With the five weeks' annual leave plus bank holidays, even the most conscientious worker in my department is easily taking 12 weeks a year off.
There's no point showing any initiative. I once wandered down to the 'Streetcare' department to ask why the hell nobody was answering the phone.
But only two staff had turned up that day and they were both in the prayer room.
Councils love their workshops, training courses and seminars. This week alone I've been invited to attend: A cycle hire and efficiency course; a traffic and pollution briefing; and a training course on offsite health and safety.
Next week there is a two-day course on 'letter writing skills' - I dearly hope that Jackie, our departmental PA, will attend this one. I've given up using her and now type my own correspondence and reports.
The last time she typed a letter for me (to an architect) she misspelt 'accommodation' and 'environment' throughout.
I gently pointed this out to her and asked her to redo the document. But she went sick for two weeks with stress, complaining that she was being bullied.

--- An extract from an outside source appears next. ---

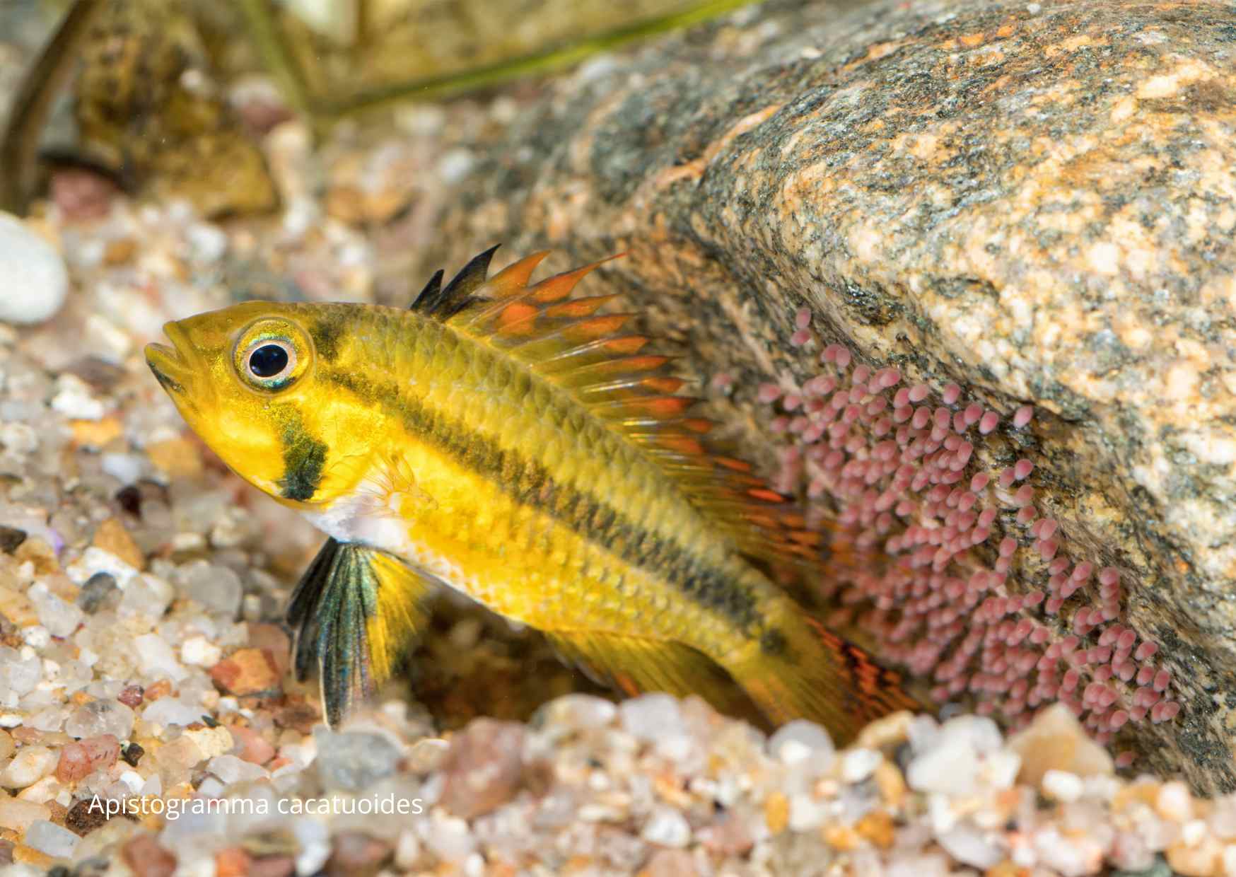 2. oder „Substratbrüten“, bei dem Eier auf verschiedenen Substraten wie Aquarienglas, Steinen, Pflanzen abgelegt werden. Diese werden dann geschützt und gepflegt. Nach dem Schlüpfen werden die Jungtiere betreut, bis sie vollständig selbstständig sind.

When my boss called me in to discuss this I, jokingly, said: 'Well I'll just let her misspell everything in future, shall I?' To which he replied: 'Yes, I think that's best for now.'
In the public sector, though, there is no competitive edge; no incentive to cuts costs or improve efficiency. Few genuinely fear for their job security, protected as they are by threats of union action every time the axe looks likely to fall.
Its time to get rid of the unions, then do away with these lazy good-for-nothings. All of them.